P. S. Я всегда говорил сэру Джону, чтобы он держал курс подальше от писательства. Но он только и делал, что строчил день и ночь целую неделю. Что посеешь, то и пожнешь! Ветер переменился, и мы поднимем якорь, как начнется прилив. Поэтому ставлю точку.

NВ. Сэр Джон малость разошелся по поводу того, что я съел обезьяну. Такой случай и вправду был со мной в Карибском море, за четыре года до того, как мы встретились с ним. На вкус она была неплоха, но от ее вида делалось не по себе. Мне так и чудилось, что я ухватил нашего с миссис Пок младшенького!»

 ГЛАВА I
Родословная автора, а также его отца

Философ, создавший новую теорию, обязан привести хотя бы самые элементарные доказательства разумности своих позиций, а историк, который берется излагать чудесные события, дотоле неизвестные человечеству, должен, из уважения к чужим мнениям, представить надежные свидетельства своей правдивости. Эти два важнейших требования ставят меня в своеобразное положение, так как в подтверждение моей философии я могу сослаться лишь на ее убедительность, и не имею иных свидетелей, кроме себя самого, чтобы удостоверить те поразительные факты, которые теперь впервые будут предложены вниманию читающего мира. Я сознаю всю тяжесть лежащей на мне ответственности, ибо истина бывает иной раз так мало правдоподобна, что кажется вымыслом, а вымысел бывает так похож на истину, что неискушенный человек потом готов уверять, что он сам видел, как все это было. Об этом следует помнить всем нашим историкам: знание обстоятельств в одном случае избавит их от разочарования, связанного с тем, что свидетельские показания, добытые ценой больших усилий, окажутся опровергнутыми, а в другом – от тяжелого и бесполезного труда. Что до меня, то взамен, как выражаются французы, «les pieces justificatives» [1]1
  Оправдательные документы (франц.).


[Закрыть]
для моих теорий и фактов я могу снискать доверие читателя, лишь изложив без прикрас историю моего происхождения, рождения, воспитания и жизни до того времени, когда мне довелось увидеть те удивительные вещи, которые мне дано счастье поведать, а читателю – вскоре узнать.

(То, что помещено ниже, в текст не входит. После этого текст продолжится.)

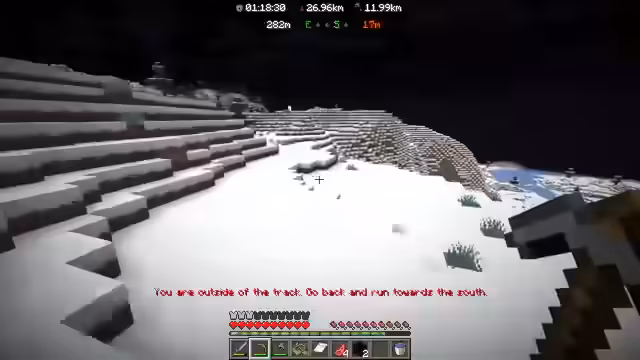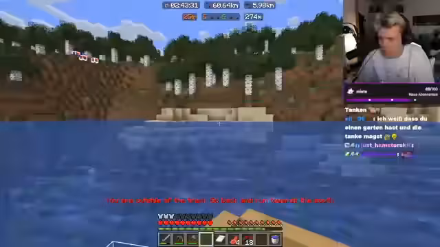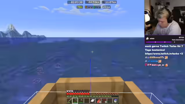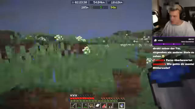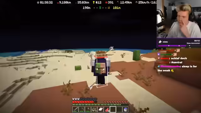 03:14:05Der Hauptteil des Streams ist ein Minecraft-Wettrennen, bei dem die Teilnehmer möglichst weit laufen, bevor die Border sie einholt. Der Streamer ist mit einem Pferd namens "Torpedo" unterwegs und berichtet von den Herausforderungen, wie unterschiedlichen Landschaften (Alpen, Ozean) und der ständigen Verfolgung durch die Border. Die Aufregung steigt, als die verbleibende Distanz zur Border rapide abnimmt und er mit Skeletten kämpfen muss, während er gleichzeitig die Platzierung verfolgt.
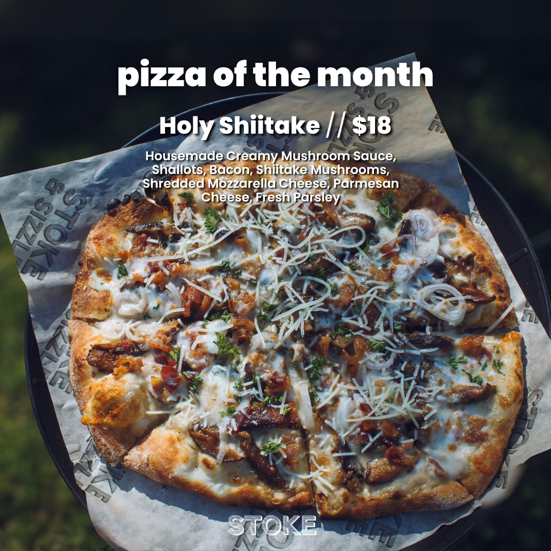 Housemade Creamy Mushroom Sauce, Shallots, Bacon, Shiitake Mushrooms, Shredded Mozzarella Cheese, Parmesan Cheese, Fresh Parsley
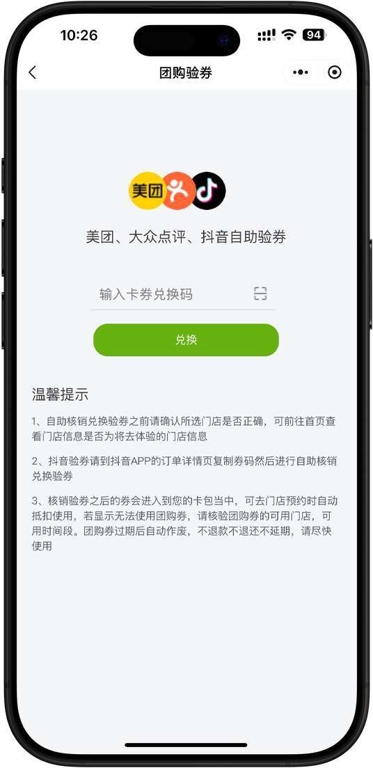 支持美團(tuán)、大眾點(diǎn)評、抖音核銷

Начну с моего происхождения, или с моей родословной. Это соответствует естественному порядку событий, а кроме того, полезно проследить следствия до их причин так, чтобы эта часть моего повествования внушила доверие ко всему остальному.

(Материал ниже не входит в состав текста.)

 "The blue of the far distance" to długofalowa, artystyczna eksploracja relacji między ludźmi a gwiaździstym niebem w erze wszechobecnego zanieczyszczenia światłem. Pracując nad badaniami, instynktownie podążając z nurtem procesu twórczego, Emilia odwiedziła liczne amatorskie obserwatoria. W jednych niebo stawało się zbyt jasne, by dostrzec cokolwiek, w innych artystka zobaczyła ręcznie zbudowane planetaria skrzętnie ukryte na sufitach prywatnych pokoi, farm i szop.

Я всегда считал себя равным потомкам самых древних родов Европы, так как немногие семьи восходят более ясно и прямо к тьме веков, чем та, к которой принадлежу я. Мое происхождение от отца неопровержимо установлено записью в приходской книге, равно как его собственным завещанием, и, я думаю, никому не дано столь непосредственно доказать истинность истории своей семьи, как мне – стоит лишь проследить жизнь моего предка назад во времени вплоть до того часа, когда его на втором году жизни нашли пищащим от холода и голода в приходе св. Джайльза, в Вестминстере, в Соединенном Королевстве Великобритании. Над его страданиями сжалилась уличная торговка апельсинами. Она накормила его хлебной коркой, согрела горячим пивом с джином, а потом из человеколюбия отнесла его к лицу, с которым имела частые, но враждебные встречи, – к приходскому надзирателю. Происхождение моего предка было настолько темным, что представлялось совершенно ясным. Никто не мог сказать, чей он, откуда взялся и что с ним будет дальше. А так как по закону тогда не полагалось, чтобы дети умирали на улице с голоду при подобных обстоятельствах, приходский надзиратель после надлежащих попыток убедить некоторых из своих бездетных и добросердечных знакомых в том, что ребенок, вот так покинутый, – особый дар провидения каждому из них в отдельности, вынужден был передать моего отца на попечение одной из приходских нянек-воспитательниц.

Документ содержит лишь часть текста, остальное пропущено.